Ian Love

Personal information
- Full name: Ian James Love
- Date of birth: 1 March 1958 (age 68)
- Place of birth: Cardiff, Wales
- Height: 5 ft 11 in (1.80 m)
- Position: Forward

Senior career*
- Years: Team / Apps / (Gls)
- 1979–1982: Barry Town / 100 / (35)
- 1982–1984: Merthyr Tydfil
- 1984–1986: Barry Town / 34 / (15)
- 1986–1989: Swansea City / 41 / (10)
- 1989: Torquay United / 9 / (0)
- 1989–1990: Cardiff City / 2 / (0)
- 1990–1991: Barry Town / 46 / (9)

= Ian Love =

Welsh footballer

Ian James Love (born 1 March 1958) is a Welsh former professional footballer who played as a forward.
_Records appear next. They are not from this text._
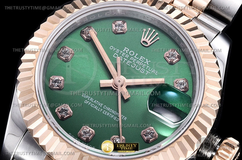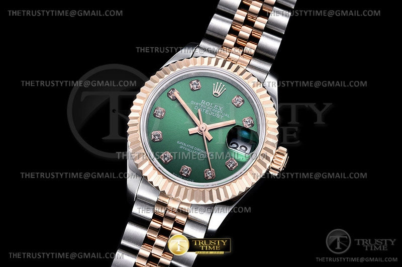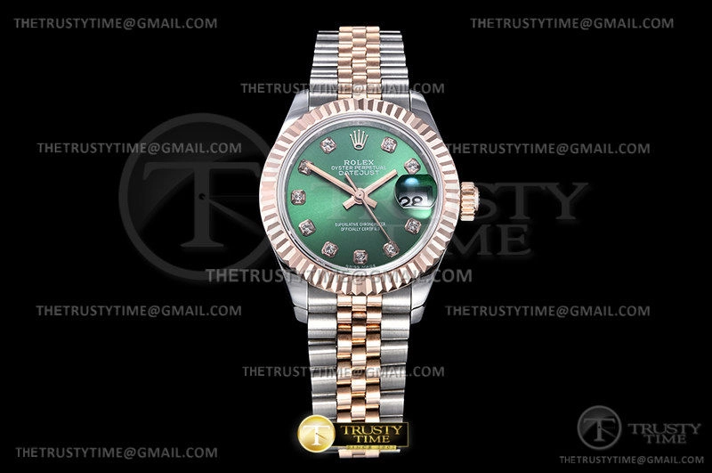 Часы Rolex из коллекции DateJust. Классические женские часы Rolex DateJust 28mm 279171-0007 премиального качества (Артикул магазина: RX-1999) оснащены надежным автоматическим механизмом с автоподзаводом (работает от амплитуды движения руки) калибра ETA2671, в котором реализованы следующие функции: часовая, минутная и секундная стрелки, а так же дата. Круглый корпус часов комбинированного сталь с розового золота цвета, имеющий размер 28 мм и высоту 11 мм превосходно дополнит образ и украсит запястье своего обладателя. Для изготовления часов Rolex DateJust 28mm 279171-0007 предлагаемых в нашем интернет-магазине, применяются нержавеющая сталь 904L высокого качества (Швейцарский стандарт), а так же сапфировое стекло высокой прочности, благодаря чему обеспечивается максимальная защита от сколов и механических повреждений. Отличительной чертой данной модели является зеленый циферблат, часовые индексы которого обеспечивают камни. Завершает образ браслет из нержавеющей стали комбинированного сталь с розовым золотом цвета с фирменной раскладывающейся застежкой Rolex. Водонепроницаемость данной модели составляет 30М (WR30) – допускается минимальное воздействие с водой.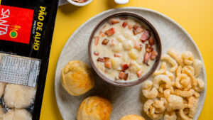 Sopa de Batata com Bacon, acompanhada de Pão de Alho Bolinha Santa Massa e Torresmo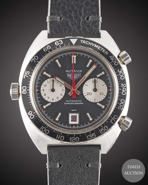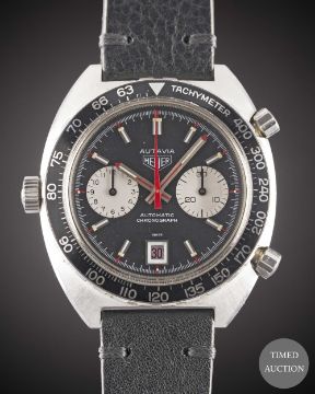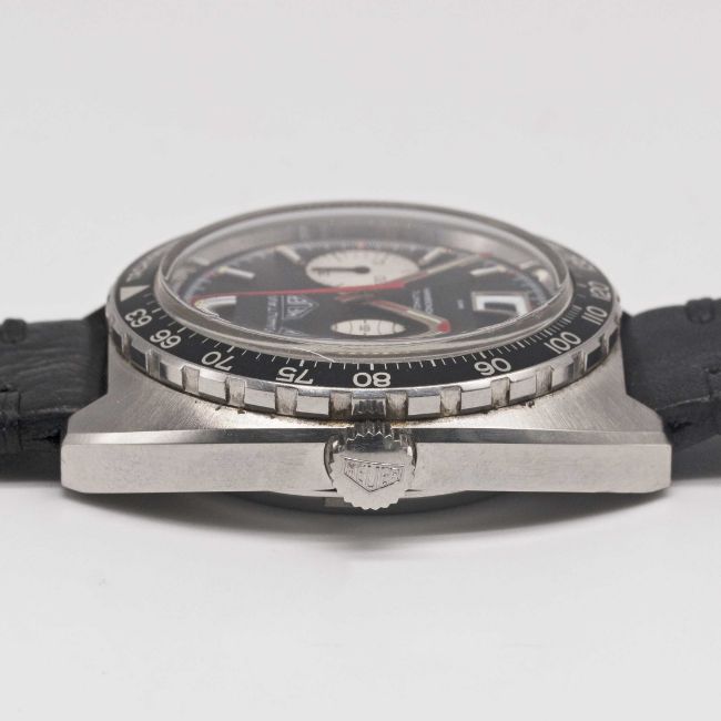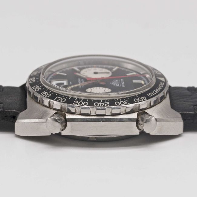 Case: Width approx. 42mm, screw back, signed Heuer-Leonidas SA, numbered 27x,xxx, rotating tachymetre bezel, Heuer crown & pushers.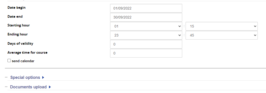 I have Refresher modules, set to start on a set date 1/09/2022 then due to close on 30/09/2022 (see image Back)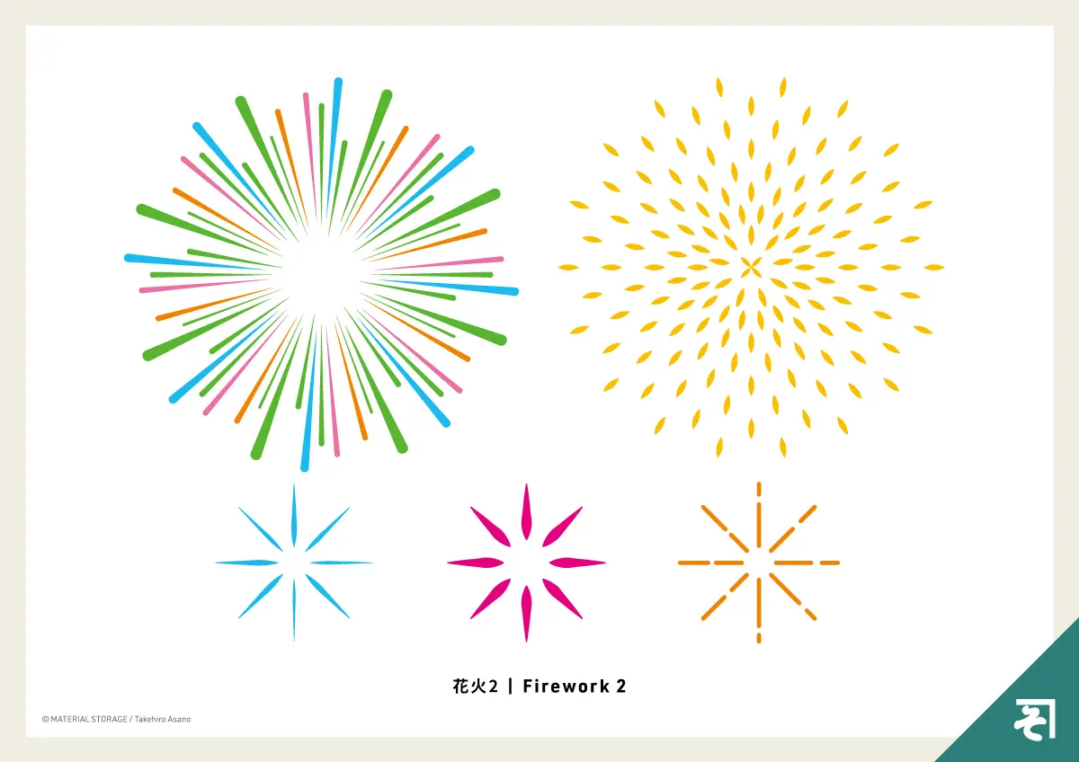 夏の夜空を彩る花火を、シンプルな線で表現したイラストです。パート2です。こちらはどちらかと言うとスパークルな感じです。花火以外にも使えそうです。太さや色などお好みで調整してください。

He made 52 appearances in the Football League during spells with Swansea City, Torquay United and Cardiff City.

==Career==
After playing local league football, Love joined Barry Town in 1979. In two spells with Barry and one with Merthyr Tydfil, he impressed enough to be offered a professional deal by Swansea City in 1986. He scored nine goals in 41 league appearances for the side. He also scored in the first leg of the 1988 Football League Fourth Division play-off final as Swansea won promotion to the Third Division.

He was sold to Torquay United for £2,000 in March 1989 but left the club soon after. He joined Cardiff City on non-contract terms, making two league appearances before returning to Barry Town.